下面将用unique_lock实现上一段代码中mutex同样的效果。

#include <iostream>
#include <thread>
#include <mutex>

int num = 0;
std::mutex mtx;

int main()
{
    std::ios::sync_with_stdio(false);
    std::thread thread_a([&]()
    {
        for (int i = 0; i < 100000; i++)
        {
            std::unique_lock<std::mutex> lock(mtx);
            num++;
        }
    });
    std::thread thread_b([&]()
    {
        for (int i = 0; i < 100000; i++)
        {
            std::unique_lock<std::mutex> lock(mtx);
            num++;
        }

    });
    thread_a.join();
    thread_b.join();
    std::cout << "result: " << num << std::endl;
    return 0;
}

这段程序也可以得到正确的输出结果。

同时，unique_lock还有一个很方便的方法：try_lock()，这个函数会尝试锁住当前线程并返回一个bool值表示是否成功锁住，但不论是否成功锁住当前线程，当前线程都会继续运行。

第三部分：condition_variable

condition_variable库提供了方便的与条件变量相关的类和函数，他封装在头文件<condition_variable>下。
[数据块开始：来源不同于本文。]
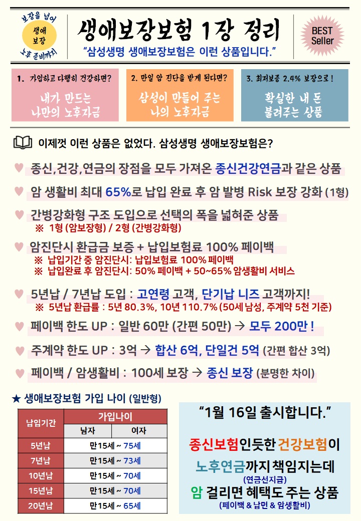 삼성생명보험회사에서 새로이 출시된 보험입니다. 정식명칭은 생애보장보험입니다.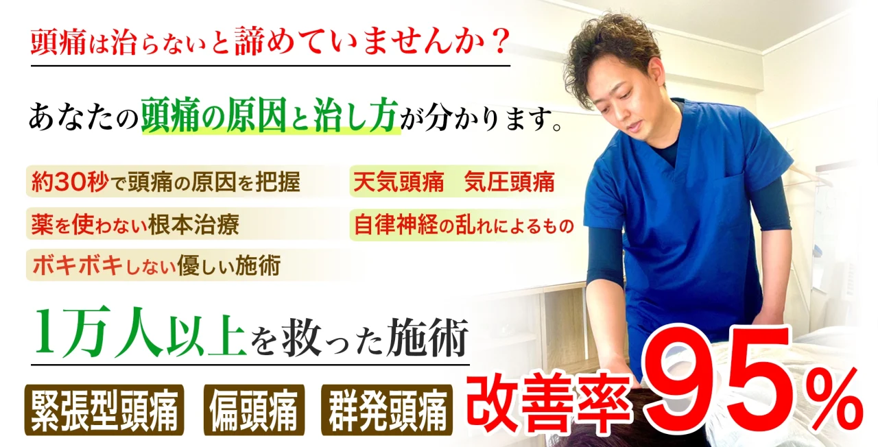 ほとんどの頭痛が首の骨のズレと血行不良が原因 首のつけねの血行をよくするだけで「頭痛」は消えます。 最短であなたの「痛み」を取っていきます。頭痛治療はとてもシンプルですが、他の整体院や接骨院とは治療法が違いますので、他でダメだったからとあきらめないでください。 頭痛専門整体は、ボキボキやらない優しい施術です。 頭痛の原因を探り、首をメインに手だけのタッチで後頭部のつまりを取っていきます。施術時間は約20分です。頭痛の原因となる頚椎2番のズレをいち早く発見し、ソフトなタッチでズレを矯正し頭部に上がっていく血流をよくします。他の整体院、接骨院等の治療法とは違いますので、他でダメだったからと諦めないで下さい。 頭痛でどこに行ってよいか分からない方へ 緊張型頭痛・偏頭痛・群発頭痛を治療するには、病院では投薬、接骨院・整体院では頭・肩・背中にフォーカスしたその場しのぎの施術を行うことが多いです。マッサージで症状を軽減させるので施術直後は少し回復しますが、根本原因の改善ではない場合、再発を繰り返すことが多いです。また、薬を飲み過ぎると逆に症状が悪化(薬物乱用頭痛)することもあります。フリーベラ立川整体院では頭・肩・背中だけでなく全身の血液循環を改善させ自然治癒力を高め、頭痛の根本改善を目指します。 施術の流れ ①あなたの頭痛の悩みをお聞きします。 問診票で不調の症状を書いてもらい、お話を聞きます。例えば、いつから頭痛がしていて、本当は薬をやめたい!など、なるべく詳しくお話しを聞かせてください。 ②施術前に検査をします。 どこがどういう風に痛むのか?立っているときの体のバランスなどをチェックします。 ③施術に入っていきます。 首の付け根、頭蓋骨の凝りやラインをチェックしてどこに不調を発生させている「つまり」があるかを確認し、過緊張をほぐしながら矯正していきます。 ④頭痛、不調の原因と治療方針を説明します。 どうして不調が起きているのか?あなたの頭痛や不調の原因によって何回ほど通う必要があるか?を説明させていただきます。 ⑤お会計と次回予約。 お会計と併せて次回のご予約を相談させていただきます。継続的に施術を行うことで症状の悪化を防ぎ、改善していきます。 お疲れさまでした。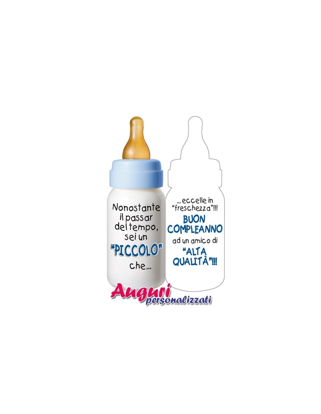 Vuoi fare gli auguri di compleanno ad un amico usando un biglietto originale, simpatico ed allegro? Il Biglietto biberon per il compleanno di un amico è perfetto! Un messaggio comune, come gli auguri per il diciottesimo anno di età, ma usando un estroverso biglietto, dalla forma di biberon, che farà nascere un sorriso sulla bocca del festeggiato. Non lasciarti scappare l’occasione di fare gli auguri con un biglietto brioso, particolare e certamente originale!
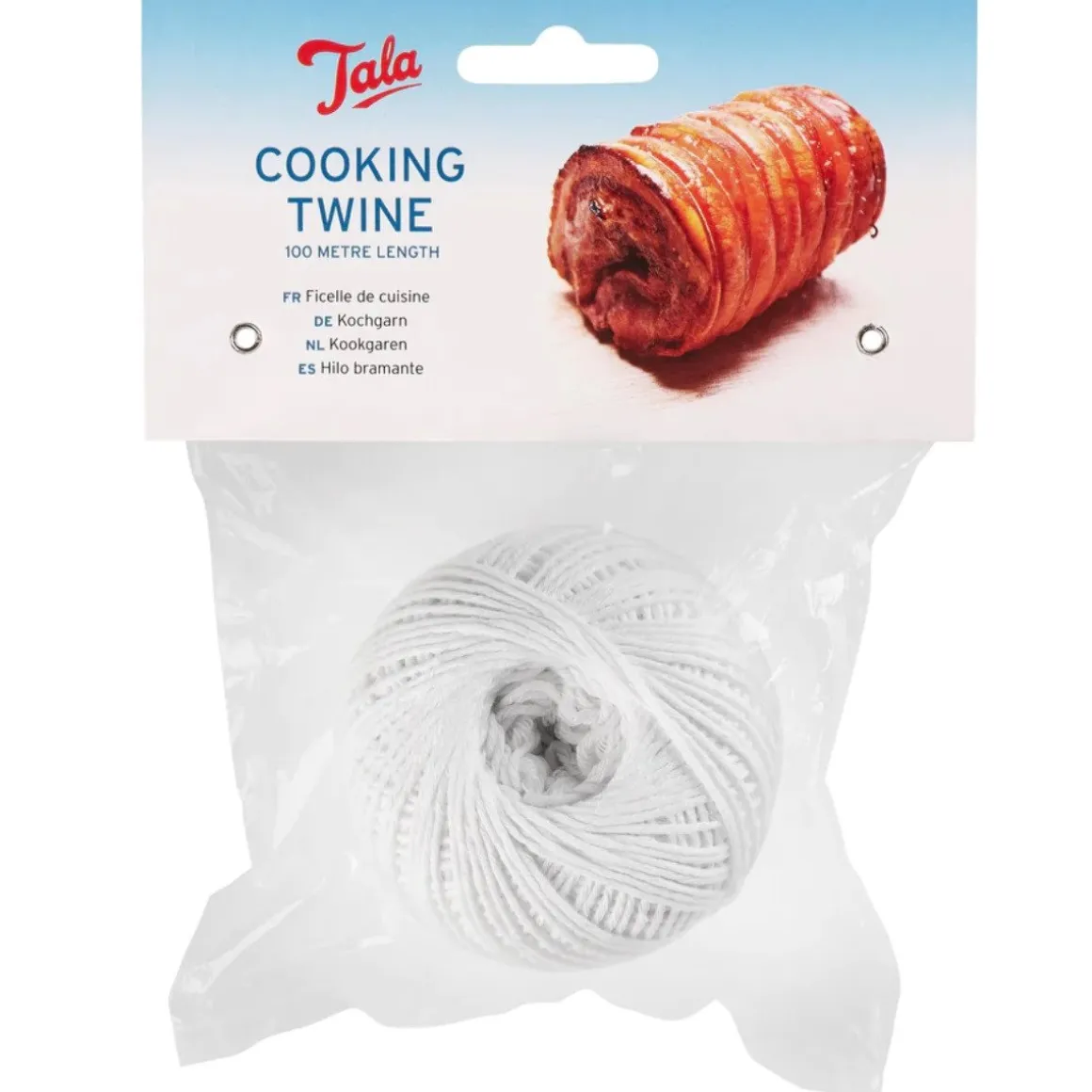 Het Tala Keukentouw 100m is een multifunctioneel touw. Het touw heeft een witte kleur en is gemaakt van een dik en sterk materiaal. Dit keukentouw is voedselveilig en kan gebruikt worden om te koken. Gebruik dit touw om vlees, groente of kruiden te binden. Uiteraard kun je het touw ook als decoratie voor bijvoorbeeld een cadeautje gebruiken. De verpakking bevat 100 meter touw.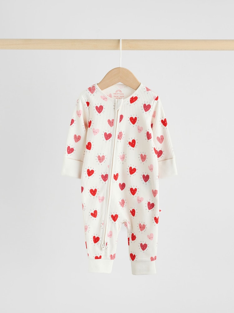 Red Heart Two Way Zip Baby Sleepsuits 3 Pack (0mths-3yrs)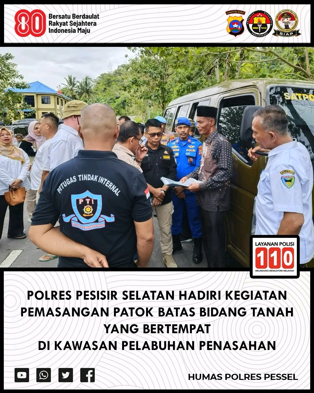 Pesisir Selatan – Polres Pesisir Selatan melalui Kasat Pol Airud Iptu Jamaludin turut hadir dalam kegiatan pemasangan Patok Batas Bidang Tanah Kawasan Pelabuhan Panasahan di Painan, Kecamatan IV Jurai. Kegiatan yang berlangsung pada Rabu, 19 November 2025, pukul 10.00 WIB, ini merupakan langkah penting Pemerintah Kabupaten Pesisir Selatan (Pemkab Pessel) dalam memastikan kejelasan dan legalitas batas aset strategis negara.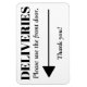 Cet aimant flexible pratique a un arrière - plan blanc qui peut se fixer et se mélanger avec une porte en métal blanc. Le texte noir personnalisable dit, "LIVRAISONS - S'il vous plaît nous la porte d'entrée" avec une flèche vers la gauche en noir avec les mots "Merci !" ci-dessous. Vous pouvez modifier la direction de flèche en utilisant l'outil "Modifier à l'aide de l'outil de conception" pour vous emmener à la section calques où vous pouvez ensuite déplacer la flèche vers le côté opposé et la faire pivoter.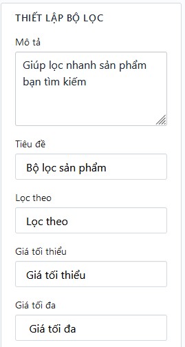 - Thiết lập text cho bộ lọc, thay đổi tiêu đề, mô tả và một số trường liên quan, quý khách có thể điều chỉnh cho phù hợp với nhu cầu sử dụng của cửa hàng, hoặc có thể thay đổi ngôn ngữ nếu không muốn sử dụng tiếng Việt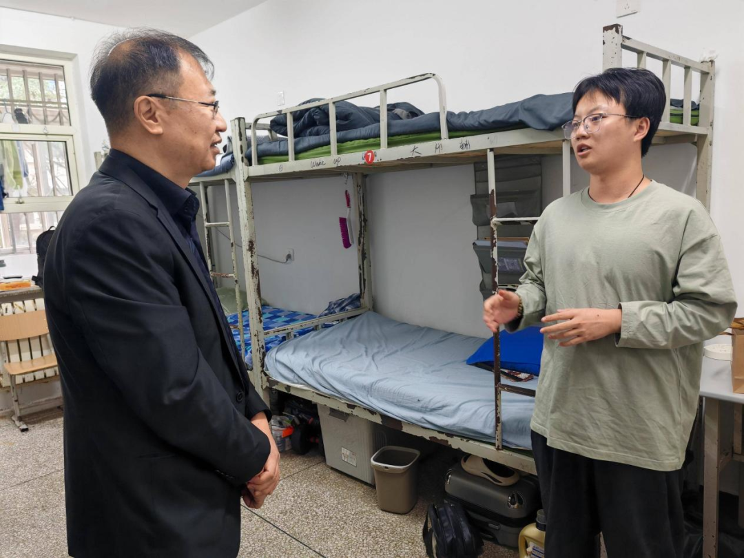 王斌与同学们进行了亲切交谈,细致地询问了大家近期的学习安排、生活状况以及假期规划,耐心倾听同学们的心声。他勉励同学们要珍惜在校时光,合理安排假期的学习生活,并叮嘱大家要与家人保持联系,汇报在校情况,让家人安心。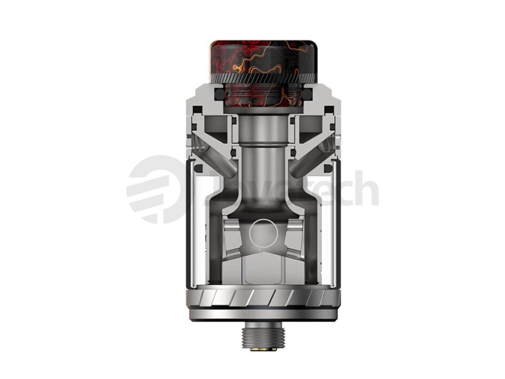 V jádru se potom nachází bezsloupková základna pro instalaci jedné spirálky s postranními děrovanými panely pro efektivní přívod vzduchu přímo ke spirálce. Díky těmto otvorům je spirálka ofukována ve velice krátké dráze, díky čemuž vykouzlíte z atomizéru maximálně plnou a výraznou chuť. Systém regulace přívodu vzduchu je umístěn ve vrchní části, je plně regulovatelný a nabídne široké možnosti nastavení tuhosti potahování. Do detailu vypiplaný atomizér ocení hlavně milovníci vzdušnějších forem potahu, hodí se zejména na středně tuhý DL vaping. Nabídne jednoduchou a přívětivou uživatelskou obsluhu, krásné zpracování a efektivní konstrukční vlastnosti pro zisk chutné a husté páry.

下面介绍condition_variable类。

构造

condition_variable类有默认构造函数，可以直接构造，不需要传递参数。 e.g.：

std::condition_variable cv;

方法

wait(unique_lock<mutex>& lck, Predicate pred)方法
- wait方法传入的两个参数分别为unique_lock和一个返回值为bool的函数
- 如果pred函数返回值为真，线程会正常运行，否则线程会被阻滞。
- 在调用wait函数的同时，lck.unlock()会被自动调用，以保证其他线程正常运行。
- 当函数notified_all()被调用时，如果函数pred为真，线程会恢复运行。
notified_all()方法
- notified_all将试图唤醒所有被此condition_variable阻滞的线程，只有在线程wait函数的返回值为真的情况下程序会恢复运行

下面是一个例子：

#include <iostream>
#include <thread>
#include <mutex>
#include <condition_variable>

std::mutex mtx;
std::condition_variable cv;

bool flag = false;

int main()
{
    std::ios::sync_with_stdio(false);
    std::thread thread_a([]()
    {
        std::unique_lock<std::mutex> lock(mtx);
        cv.wait(lock, [=](){return flag;});
        lock.unlock();
        for (int i = 0; i < 100; i++)
            std::cerr << "thread a once\n";
    });
    std::thread thread_b([]()
    {
        std::unique_lock<std::mutex> lock(mtx);
        cv.wait(lock, [=](){return flag;});
        lock.unlock();
        for (int i = 0; i < 100; i++)
            std::cerr << "thread b once\n";
    });
    thread_a.detach();
    thread_b.detach();
    mtx.lock();
    for (int i = 0; i < 10; i++)
        std::cout << "thread main: " << i << std::endl;
    flag = true;
    mtx.unlock();
    cv.notify_all();
    std::this_thread::sleep_for(std::chrono::seconds(5));
    return 0;
}

通过condition_variable的延迟使得主线程中的内容先输出后子线程的内容才输出。